Саша сказал казакам несколько слов о делах нашего фронта и других фронтов, напомнил нашу задачу не пропустить в пределы империи ни одного нарушителя и лазутчика, а если придется, то достойно встретить и регулярную неприятельскую часть, поблагодарил за службу, спросил у Самойлы Василича, готово ли у него, и пригласил всех к столу, так сказать, на бал, который свелся к тому, что, поздравив нас с Сашей со встречею, казаки выпили, раскраснелись и взялись петь песни, плясать, состязаться в борьбе, фехтовании, в различных сноровках, то есть казачьих хитростях. То и дело вспыхивали воспоминания о Бутаковке, о прежней службе. В какой-то момент, когда общая стройность обязательно разрушается, один казак из молодых по имени Климентий завел протяжную и жалостливую песню, причем женскую, то есть ведущую повествование от лица женщины, про то, как в дремучем лесу за Каменным Поясом у ручья лежит раненый казак. “Лежит тятя мой, отец-батюшка, отец-батюшка мой бел-честной атаман. Стрелен он стрелой — шипы каленые. Срублен он мечом — саблей вострою. Стоптан он конем — злым конем бухарина…” — сильным басом, но протяжно, так протяжно, как никто более не мог, явно любуясь своим голосом и своею возможностью так одиноко петь, выводил Климентий. Несколько раз другие казаки пытались его одернуть “Климко, давай другую!” — но он, видимо привыкший к такому обращению, вел и вел свою одинокую партию...

— Климко! Ермака давай! “Ревела буря” давай! — с досадой не отступались казаки и даже пытались заводить свою песню, но и впятером пересилить не могли.

Он, видя их тщету, озорно прибавил и там, где по смыслу слов, вероятнее всего, следовало бы по-женски встосковать и пустить слезу, он, не заботясь о смысле, перешел на подлинный рокот, от которого, как от грозы, воздух задрожал и уплотнился, ударил в уши.
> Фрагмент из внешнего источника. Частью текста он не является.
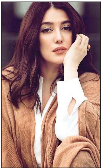
القاهرة: خالد أبوالمجد

تعود الفنانة كندة علوش بعد غيابها 3 سنوات عن الساحة الفنية للدراما التلفزيونية من خلال سلسلة حلقات «ضي القمر» الذي يتكون من 10 حلقات ضمن «إلانا» التي بدأ عرضها منذ فترة ونالت إقبالا في مشاهدتها من الجمهور. وتجسد كندة شخصية «الشفيا» التي تمر علاقتها الزوجية مع زوجها بالكثير من الضغوطات بسبب رغبتها في الإنجاب وصعوبة تحقيق ذلك ما يعرضها لكثير من المشاكل الاجتماعية التي يتناولها العمل. وقصة «ضي القمر» تأليف يسري الفخراني وعبر سليمان وإخراج أحمد حسن، ويشارك في البطولة كل من: محمد علاء، محمد شاهين، زينب غريب، محمود العمروسي، أحمد عبدالله محمود، مروة عيد، ريهام محيي وباسمين موافي. كما تستعد كندة علوش في الفترة الحالية لبطولة فيلم «بلالين» ويشاركها البطولة الفنانون: أحمد كمال، سوسن بدر، علا رشدي ومصطفى خاطر، وهو من إخراج معتز التوني، وتأليف عادل صليب.

— “Тятя-батюшка мой, атаман войска славного, войска славного, бутаков-казацкого, уходя с крыльца, мне говаривал, мне говаривал, извещал меня!..” — и на последних словах извещения близко сидящие к нему казаки от невозможности терпеть — спешно и с руганью отшатнулись по другим скамьям:

— А ну тебя к лешему, варнак!

Я видел, что прибавить голоса Климентий был в силе и из озорства прибавить собирался, но Самойла Василич, нахлобуча на уши папаху, зашел ему за спину и крепко схватил под мышки. Климентий от щекотки взвился змеей, дернулся высвободиться, однако же Самойла Василич вцепился в него по-рачьи накрепко. Климентий дернулся в другой раз, но снова у него не вышло.

— Это тебе не с Агнеей кувыркаться! — приговаривал Самойла Василич.
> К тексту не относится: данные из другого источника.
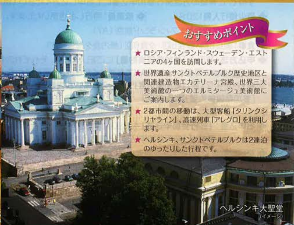
ヘルシンキ大聖堂 (イメージ)
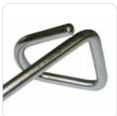
heel support couple coppia di reggi tallone cod. LEM - 151

— Дядя Самойла, не буду больше! — взмолился Климентий.

— Сегодня, буди, ты меня и дразнил! — допытывался Самойла Василич.

— Дядя Самойла, Христа ради прошу! — молил Климентий.

Молодые из казаков, ровесники и друзья Климентия, вшестером ввалились в палатку и, предчувствуя потеху, всей ватагой намахнулись на Самойлу Василича.

— Едрическая сила! — крякнул Самойла Василич, и один из молодых, волчком повернувшись, сел на пол.

— Сила! Сила! — в азарте закричали остальные, но следом за первым из толпы выпал второй.

— Подай науку, Самойла! — прихватились озорством старшие казаки. — Черпаком их, черпаком, Егорьевским своим оружием! — и тут же бодрили молодых: — Ах вам язви! Кого это ноне за молодежь! Бурландачи это, а не казаки!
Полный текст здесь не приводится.